*Instructions to follow:* Look through the listing below for the line containing "Copper Cylinder Chandelier". Copy it and each line after it up to and including the line containing "The Netherlands has", exactly, leaving out pictures.

*Data to use:*
--------------------------------------------------

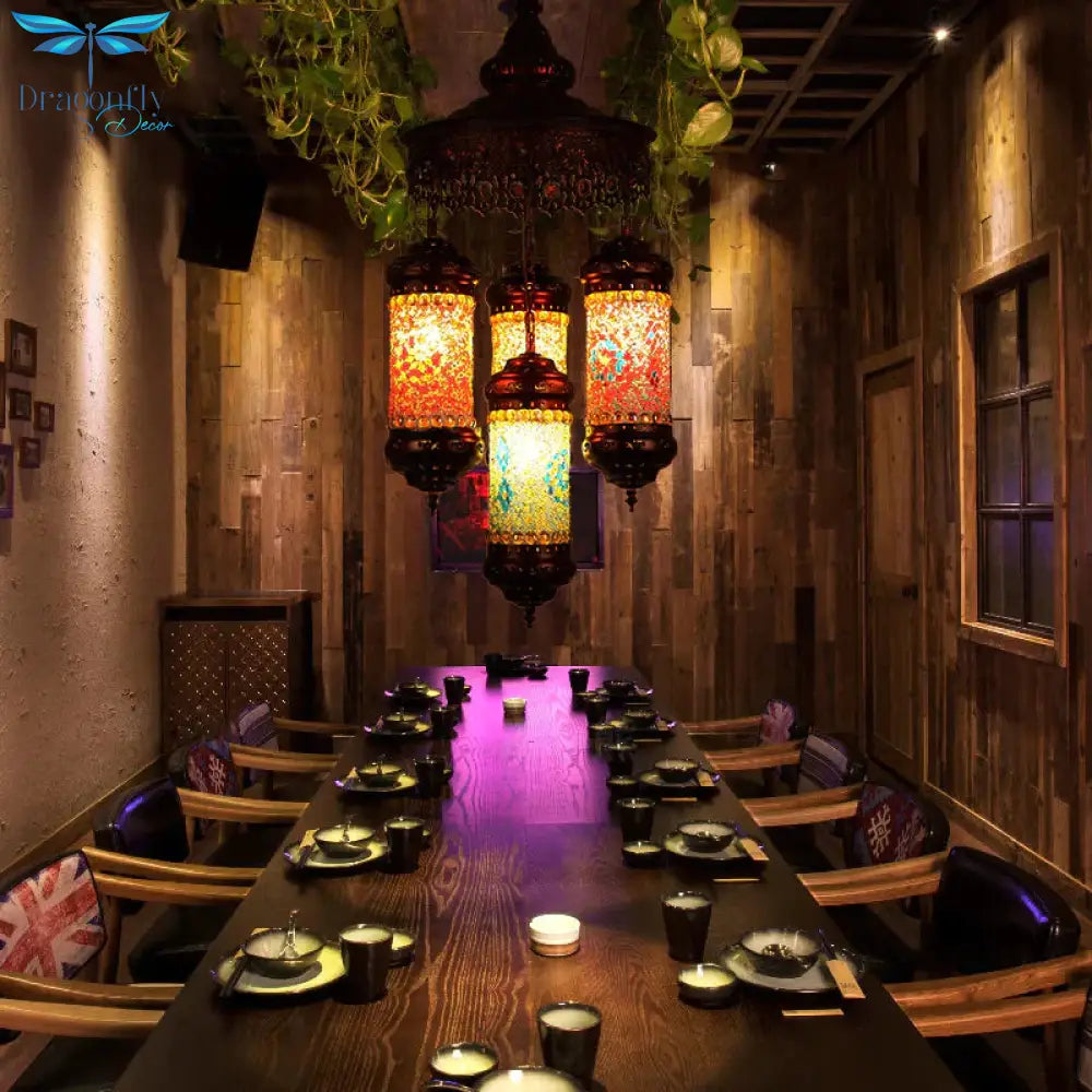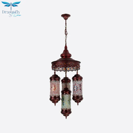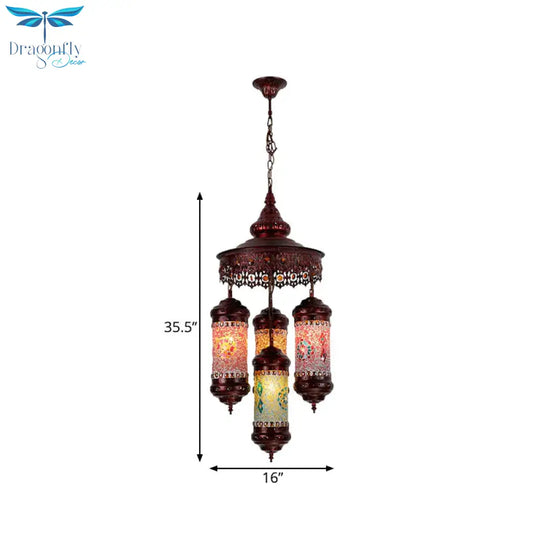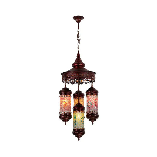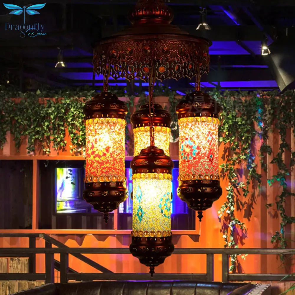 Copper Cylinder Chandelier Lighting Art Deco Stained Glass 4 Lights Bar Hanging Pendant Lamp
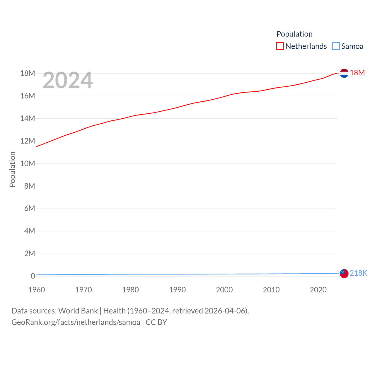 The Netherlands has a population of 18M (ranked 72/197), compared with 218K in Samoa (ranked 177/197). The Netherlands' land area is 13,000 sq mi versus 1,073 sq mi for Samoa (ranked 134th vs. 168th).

--------------------------------------------------

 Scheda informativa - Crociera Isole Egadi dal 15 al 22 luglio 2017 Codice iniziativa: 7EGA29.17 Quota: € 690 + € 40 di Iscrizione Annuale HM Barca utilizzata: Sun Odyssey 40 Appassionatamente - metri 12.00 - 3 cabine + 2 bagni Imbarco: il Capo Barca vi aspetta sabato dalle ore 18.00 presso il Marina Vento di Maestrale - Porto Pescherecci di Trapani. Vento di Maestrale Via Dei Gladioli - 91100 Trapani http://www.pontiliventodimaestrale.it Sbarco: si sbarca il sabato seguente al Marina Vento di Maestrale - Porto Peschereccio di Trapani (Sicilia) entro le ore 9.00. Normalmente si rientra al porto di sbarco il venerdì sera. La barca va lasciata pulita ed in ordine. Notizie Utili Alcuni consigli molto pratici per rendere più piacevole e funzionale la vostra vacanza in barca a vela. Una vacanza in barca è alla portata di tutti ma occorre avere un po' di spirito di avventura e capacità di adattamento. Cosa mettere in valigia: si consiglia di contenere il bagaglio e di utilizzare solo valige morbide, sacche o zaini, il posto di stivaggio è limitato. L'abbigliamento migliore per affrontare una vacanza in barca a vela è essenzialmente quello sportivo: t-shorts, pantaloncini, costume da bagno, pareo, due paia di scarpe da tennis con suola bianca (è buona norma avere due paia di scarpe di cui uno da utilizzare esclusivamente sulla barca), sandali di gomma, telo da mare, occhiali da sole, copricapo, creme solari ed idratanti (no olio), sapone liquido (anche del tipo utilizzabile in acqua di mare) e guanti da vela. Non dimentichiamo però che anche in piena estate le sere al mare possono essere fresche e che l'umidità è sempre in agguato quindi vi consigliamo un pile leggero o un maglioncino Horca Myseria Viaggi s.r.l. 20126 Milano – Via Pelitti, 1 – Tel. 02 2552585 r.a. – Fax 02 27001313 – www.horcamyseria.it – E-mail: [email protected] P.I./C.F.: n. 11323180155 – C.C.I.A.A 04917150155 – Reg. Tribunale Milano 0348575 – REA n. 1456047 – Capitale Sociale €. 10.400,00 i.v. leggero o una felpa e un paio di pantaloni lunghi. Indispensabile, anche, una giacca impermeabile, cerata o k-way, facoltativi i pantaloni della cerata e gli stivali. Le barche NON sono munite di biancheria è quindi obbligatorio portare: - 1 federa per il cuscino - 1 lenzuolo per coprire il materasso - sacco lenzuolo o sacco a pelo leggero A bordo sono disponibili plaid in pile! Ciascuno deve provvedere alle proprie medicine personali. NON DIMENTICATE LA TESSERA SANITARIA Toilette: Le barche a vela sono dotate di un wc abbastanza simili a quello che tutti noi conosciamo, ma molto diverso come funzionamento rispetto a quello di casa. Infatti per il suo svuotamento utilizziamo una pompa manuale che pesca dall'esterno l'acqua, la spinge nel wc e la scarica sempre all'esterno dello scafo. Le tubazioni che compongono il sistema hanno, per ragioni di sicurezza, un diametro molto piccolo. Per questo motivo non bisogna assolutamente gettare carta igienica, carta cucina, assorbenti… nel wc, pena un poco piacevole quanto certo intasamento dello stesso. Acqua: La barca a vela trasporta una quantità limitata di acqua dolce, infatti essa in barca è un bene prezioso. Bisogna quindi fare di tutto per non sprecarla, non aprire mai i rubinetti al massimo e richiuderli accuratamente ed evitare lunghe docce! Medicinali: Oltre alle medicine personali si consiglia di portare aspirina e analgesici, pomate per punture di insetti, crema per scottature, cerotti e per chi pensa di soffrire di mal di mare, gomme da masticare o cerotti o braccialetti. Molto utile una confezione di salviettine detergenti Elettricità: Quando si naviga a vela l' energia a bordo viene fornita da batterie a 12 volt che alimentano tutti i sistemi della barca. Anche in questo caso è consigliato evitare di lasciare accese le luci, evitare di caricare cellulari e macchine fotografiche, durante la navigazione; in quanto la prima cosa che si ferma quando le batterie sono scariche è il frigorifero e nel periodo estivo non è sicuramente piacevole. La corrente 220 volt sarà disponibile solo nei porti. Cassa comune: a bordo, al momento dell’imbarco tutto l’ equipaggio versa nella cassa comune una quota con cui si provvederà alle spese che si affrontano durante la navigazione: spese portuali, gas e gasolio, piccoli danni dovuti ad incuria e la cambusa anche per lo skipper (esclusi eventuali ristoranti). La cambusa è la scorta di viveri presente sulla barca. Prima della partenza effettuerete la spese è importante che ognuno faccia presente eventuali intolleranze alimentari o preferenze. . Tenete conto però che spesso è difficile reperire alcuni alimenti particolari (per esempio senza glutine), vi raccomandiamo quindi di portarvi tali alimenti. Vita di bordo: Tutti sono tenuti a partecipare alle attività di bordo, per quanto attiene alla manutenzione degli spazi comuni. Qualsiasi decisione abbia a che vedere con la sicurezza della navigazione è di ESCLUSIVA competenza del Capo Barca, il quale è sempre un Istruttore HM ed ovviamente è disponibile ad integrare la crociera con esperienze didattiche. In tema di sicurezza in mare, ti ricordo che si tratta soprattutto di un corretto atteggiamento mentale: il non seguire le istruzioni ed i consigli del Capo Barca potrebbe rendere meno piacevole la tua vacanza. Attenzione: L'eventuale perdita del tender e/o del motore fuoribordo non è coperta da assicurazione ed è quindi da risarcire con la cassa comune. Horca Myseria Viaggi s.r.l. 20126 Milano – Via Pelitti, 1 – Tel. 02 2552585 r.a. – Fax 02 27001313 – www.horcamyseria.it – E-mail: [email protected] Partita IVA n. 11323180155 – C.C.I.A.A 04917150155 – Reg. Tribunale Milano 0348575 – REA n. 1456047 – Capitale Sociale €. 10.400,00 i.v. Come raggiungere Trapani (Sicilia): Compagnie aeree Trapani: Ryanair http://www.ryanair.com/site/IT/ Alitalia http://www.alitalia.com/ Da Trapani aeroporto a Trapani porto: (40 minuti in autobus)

--------------------------------------------------

*Finished exercise:*
 Copper Cylinder Chandelier Lighting Art Deco Stained Glass 4 Lights Bar Hanging Pendant Lamp
 The Netherlands has a population of 18M (ranked 72/197), compared with 218K in Samoa (ranked 177/197). The Netherlands' land area is 13,000 sq mi versus 1,073 sq mi for Samoa (ranked 134th vs. 168th).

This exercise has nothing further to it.